BEGIN Material provided
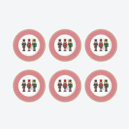 Avec cette vaisselle en porcelaine au charme nostalgique, créez une ambiance parfaite à table. Diverses figures de casse-noisettes, habillées de couleurs vives, ornent la tasse et sa soucoupe, accompagnées d'un motif à rayures rouges et d'une banderole. Complétez le service de table Casse-Noisette avec 6 assiettes plates assorties (Réf. 374N13), 6 assiettes à dessert (Réf. 374N14), 6 assiettes creuses (Réf. 374N15), un présentoir à étages pour les gourmandises (Réf. 374N17) et une boîte à biscuits (Réf. 374N18).
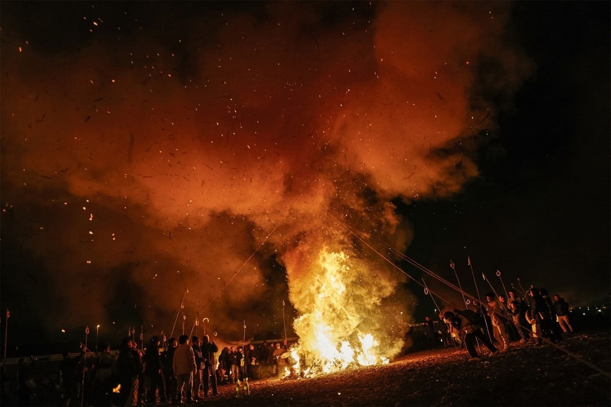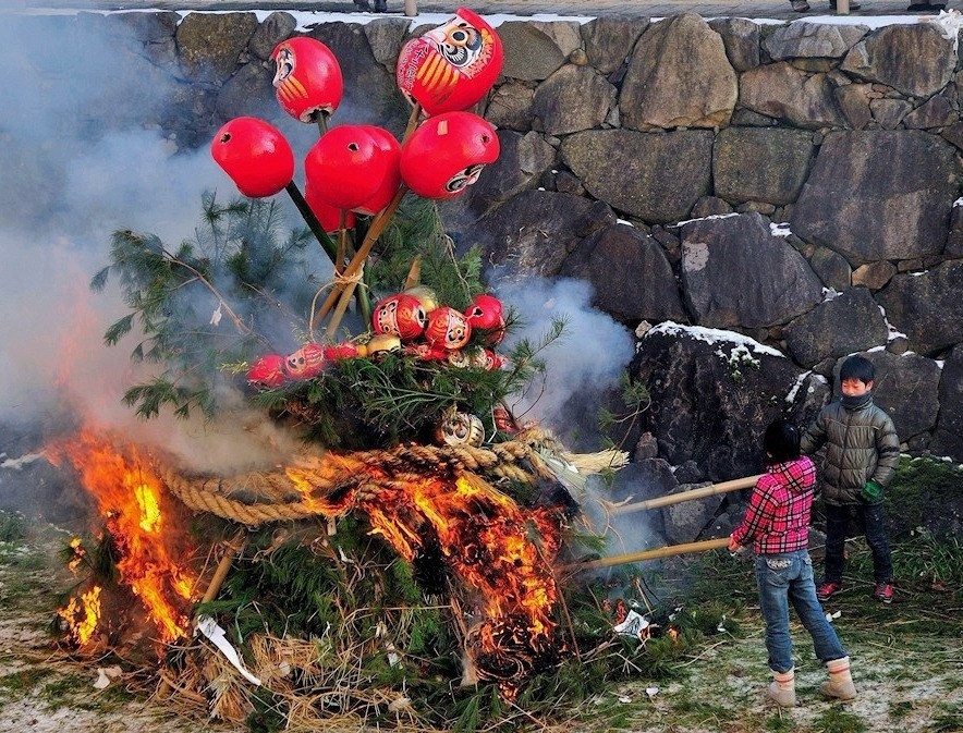 Подходит к концу длинная череда новогодних праздников. В Японии она традиционно завершается праздником огня Сагитё, который проводился вечером 14 числа 1-го лунного месяца. Центральным событием этого праздника является большой костер, в котором сжигают все новогодние украшения и атрибуты. История этого праздника очень древняя, и связана с любопытной легендой. Костер Сагитё посвящался синтоистскому божеству Досодзин, каменные изваяния которого устанавливали на границе чего-либо (населенных пунктов, рисовых полей) и на перекрёстках, для охраны их магической чистоты. А теперь легенда. Когда-то давным-давно 8 числа 12 месяца Одноглазый Монашек (Хитоцумэ Кодзо или Бог чумы) решил обойти все дома и записать все прегрешения и плохие дела людей, особенно детей. Записей этих ссор, дурных мыслей, обид, бранных слов за год набралось у него несколько томов, но Монашек посчитал, что время наказания еще не настало. Он решил вернуться 15 числа 1-го месяца. Однако нести в горы тяжелые книги Одноглазый
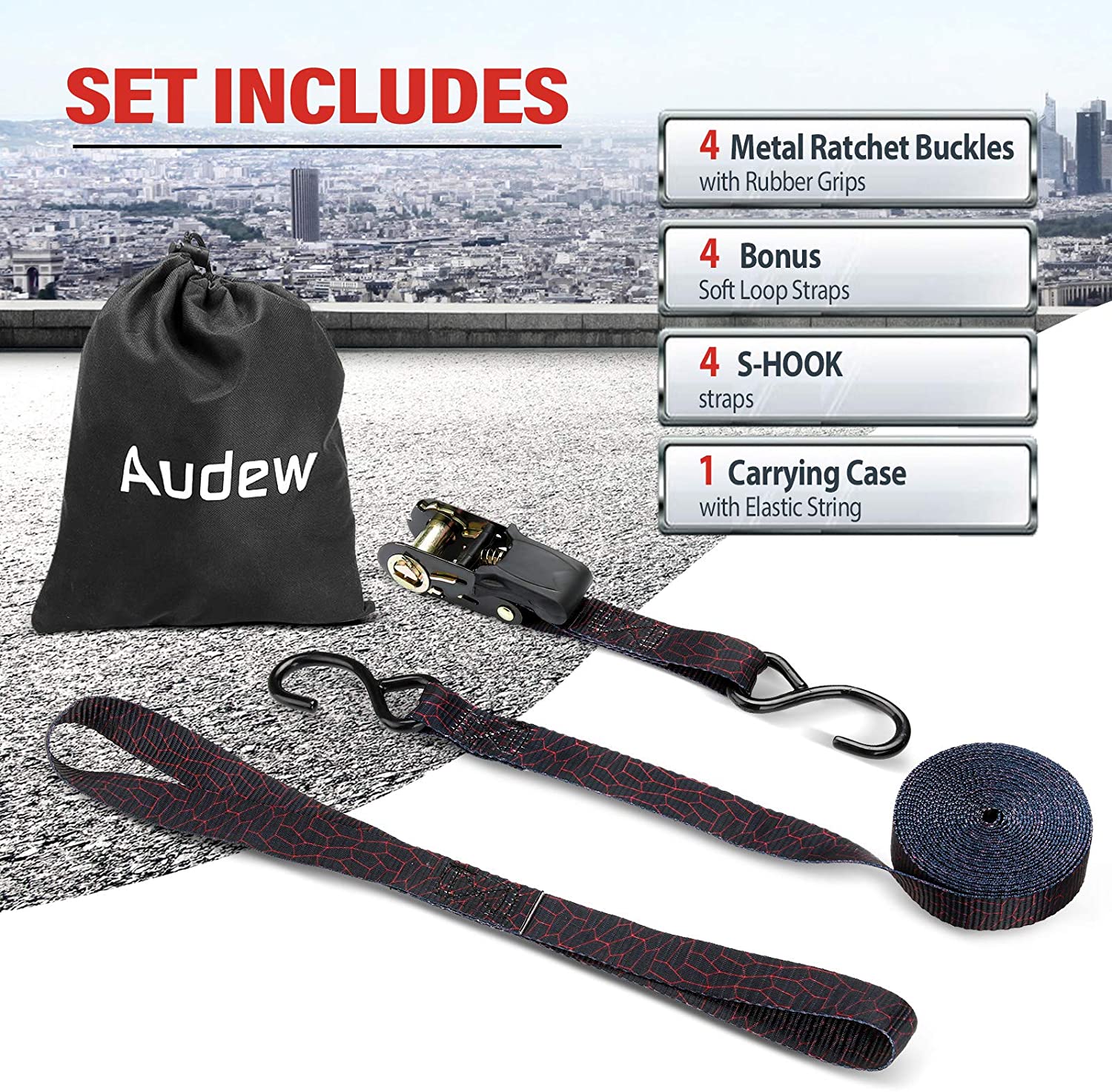 Audew ratchet tie-down straps are manufactured with top-rated industrial-grade material for complete cargo security. Anodized Ratchet, tough but pliable loops prevent cargo from scratch or marks.
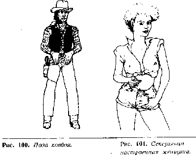 Сексуальная агрессивная поза выражается следующим жестом —большие пальцы рук затыкаются за пояс или за прорези карманов. Это один изнаиболее популярных жестов, используемых актерами телевизионных вестернов,чтобы показать мужественность любимых героев-гангстеров (рис. 100). Рукинаходятся в положении готовности и служат центром притяжения внимания,акцентируя область гениталий. Мужчины используют этот жест, чтобы отметить своютерриторию или показать другим мужчинам, что они их не боятся. Когда жест используетсяв присутствии женщин, он может истолко-вываться так: «Я мужчина. Я над тобойвластвую».
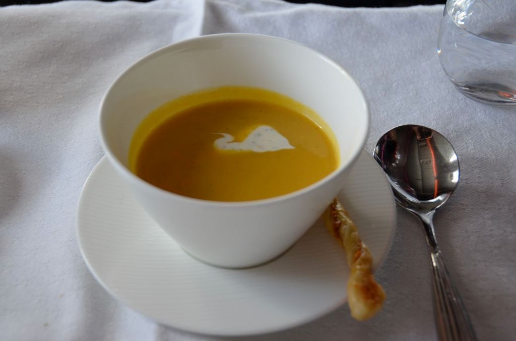 This was followed with Roast Butternut Squash Soup with lemon and herb crème fraiche with a cheese twist
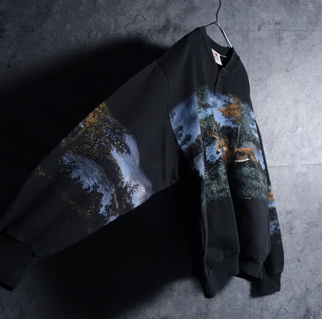 90s “ART UNLIMITED” Black Deer Landscape Print All Over Design Sweat
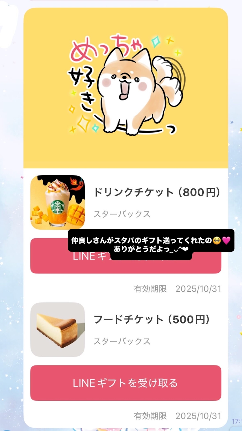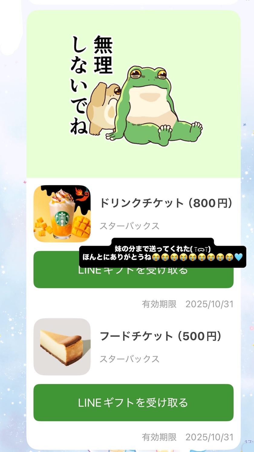 仲良しさんがひなと妹の分のスタバのギフトくれたの🤍
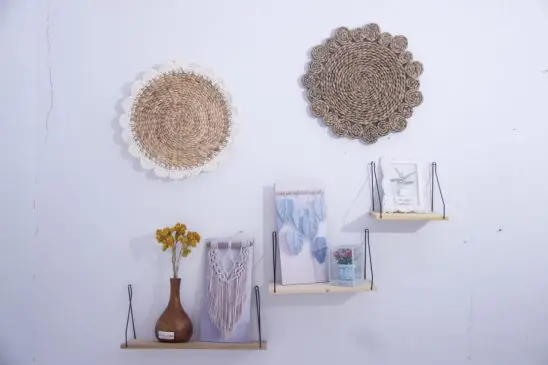 rak dinding tempel floating shelf kayu besi wall grid tanaman hias serbaguna
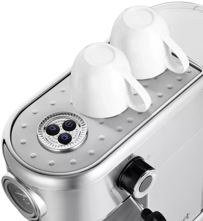 Механическая панель обеспечивает прямой доступ к функциям приготовления эспрессо и капучино, а регулировка размера порций позволяет задать нужный объём без сложных настроек. Встроенный манометр визуализирует давление в системе, индикатор нагрева и подсветка кнопок дают оперативную информацию о готовности машины. Ручной капучинатор позволяет добиваться желаемой текстуры молока, а пресс для утрамбовки молотого кофе помогает создать равномерную таблетку для стабильной экстракции.
END Material provided
Above is a listing with pictures. Write it out exactly without them.

## Completed exercise
 Avec cette vaisselle en porcelaine au charme nostalgique, créez une ambiance parfaite à table. Diverses figures de casse-noisettes, habillées de couleurs vives, ornent la tasse et sa soucoupe, accompagnées d'un motif à rayures rouges et d'une banderole. Complétez le service de table Casse-Noisette avec 6 assiettes plates assorties (Réf. 374N13), 6 assiettes à dessert (Réf. 374N14), 6 assiettes creuses (Réf. 374N15), un présentoir à étages pour les gourmandises (Réf. 374N17) et une boîte à biscuits (Réf. 374N18).
 Подходит к концу длинная череда новогодних праздников. В Японии она традиционно завершается праздником огня Сагитё, который проводился вечером 14 числа 1-го лунного месяца. Центральным событием этого праздника является большой костер, в котором сжигают все новогодние украшения и атрибуты. История этого праздника очень древняя, и связана с любопытной легендой. Костер Сагитё посвящался синтоистскому божеству Досодзин, каменные изваяния которого устанавливали на границе чего-либо (населенных пунктов, рисовых полей) и на перекрёстках, для охраны их магической чистоты. А теперь легенда. Когда-то давным-давно 8 числа 12 месяца Одноглазый Монашек (Хитоцумэ Кодзо или Бог чумы) решил обойти все дома и записать все прегрешения и плохие дела людей, особенно детей. Записей этих ссор, дурных мыслей, обид, бранных слов за год набралось у него несколько томов, но Монашек посчитал, что время наказания еще не настало. Он решил вернуться 15 числа 1-го месяца. Однако нести в горы тяжелые книги Одноглазый
 Audew ratchet tie-down straps are manufactured with top-rated industrial-grade material for complete cargo security. Anodized Ratchet, tough but pliable loops prevent cargo from scratch or marks.
 Сексуальная агрессивная поза выражается следующим жестом —большие пальцы рук затыкаются за пояс или за прорези карманов. Это один изнаиболее популярных жестов, используемых актерами телевизионных вестернов,чтобы показать мужественность любимых героев-гангстеров (рис. 100). Рукинаходятся в положении готовности и служат центром притяжения внимания,акцентируя область гениталий. Мужчины используют этот жест, чтобы отметить своютерриторию или показать другим мужчинам, что они их не боятся. Когда жест используетсяв присутствии женщин, он может истолко-вываться так: «Я мужчина. Я над тобойвластвую».
 This was followed with Roast Butternut Squash Soup with lemon and herb crème fraiche with a cheese twist
 90s “ART UNLIMITED” Black Deer Landscape Print All Over Design Sweat
 仲良しさんがひなと妹の分のスタバのギフトくれたの🤍
 rak dinding tempel floating shelf kayu besi wall grid tanaman hias serbaguna
 Механическая панель обеспечивает прямой доступ к функциям приготовления эспрессо и капучино, а регулировка размера порций позволяет задать нужный объём без сложных настроек. Встроенный манометр визуализирует давление в системе, индикатор нагрева и подсветка кнопок дают оперативную информацию о готовности машины. Ручной капучинатор позволяет добиваться желаемой текстуры молока, а пресс для утрамбовки молотого кофе помогает создать равномерную таблетку для стабильной экстракции.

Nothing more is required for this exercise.